La solidarité anime nombre de nos histoires

Combien d’exemples, encore plus édifiants que celui qui vient maintenant, ont pu nous impressionner au cours des âges, et nous mettre sur le chemin de la plus radicale des solidarités !

Kruger Park est une vaste réserve de vie sauvage qui se trouve dans l’est du Transvaal, à la frontière avec le Mozambique. Lions et buffles y vivent tranquillement, les uns mangeant les autres comme c’est la tradition depuis des centaines de milliers d’années. Mais un jour, il se passa quelque chose qui mit en émoi une bande de touristes en visite dans le parc sans penser à mal, et qui les transforma en rebelles furieusement gauchistes, prêts à bouffer du lion à la première occasion. Voici ce qui se passa.

Un troupeau de buffles longeait paisiblement la berge d’un lac quand le grand mâle de tête détecta une menace tapie dans les herbes devant lui. Il s’avança, suivi de quelques membres de son clan, en direction du danger. C’étaient des lions, rampant aplatis, jaunes sur l’herbe jaune, et qui n’avaient d’yeux que pour cette viande qui venait à eux. Le grand mâle demanda le passage ; les lions répondirent en se jetant sur le groupe, qui détala.

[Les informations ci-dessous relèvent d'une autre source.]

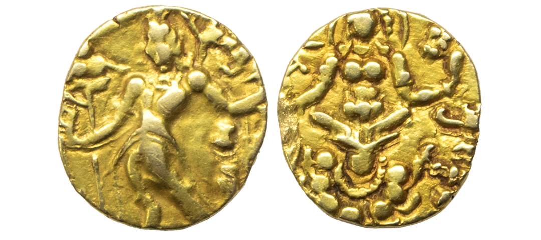 Ancient, Guptas, Chandragupta II (375-415 AD), Archer type, Gold Dinara, 8.07 gms, Obverse: King standing with his right arm outstretched holding an arrow, Garuda standard behind right arm, his left arm is holding a bow, Brahmi legend ‘Chandra’ below left arm, Reverse: Goddess Lakshmi seated facing on a lotus, holding a diadem in her right arm and a lotus stalk in her left arm. Brahmi legend ‘Shri Vikramah‘ in right field, S. Gupta, TOTGE # pg. 240, Archer Type, Class III, very fine+, very rare.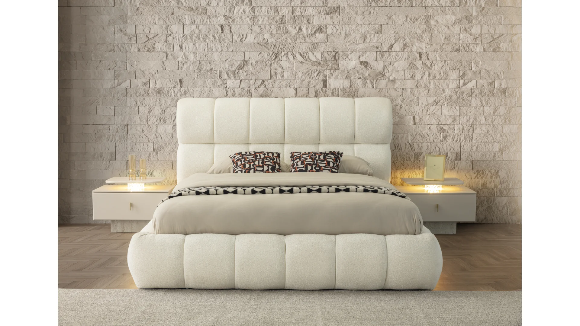 - Yatağın başlığındaki özel desenler ve detaylar ile odanıza estetik bir hava katar.

Les prédateurs eurent tôt fait de rattraper un jeune buffle, qu’ils plaquèrent au sol mais, dans les roulades de l’instant, le groupe dégringola sur la berge et dérapa dans la boue. Calmement, on entreprit de remonter la prise vers le sec. Tandis qu’une lionne étouffait le veau en lui enfermant le museau dans sa gueule grande ouverte, les autres travaillèrent à l’immobiliser. Ceci prit du temps. L’enfant faiblissait. Un crocodile flaira la bonne affaire et se jeta lui aussi sur la proie, dans l’idée de la joindre à son garde-manger. Il s’ensuivit une courte mais intense bataille au cours de laquelle le pauvre gamin, écartelé mais toujours vivant, fut disputé par le crocodile et par les félins. Tout ceci sous les yeux horrifiés des buffles et des humains. « Ne peut-on rien faire ? » dit une personne. « C’est trop tard » répondit-on. « Le gosse est foutu. » Chez les buffles, on devait tenir de semblables propos, et la mère se désolait.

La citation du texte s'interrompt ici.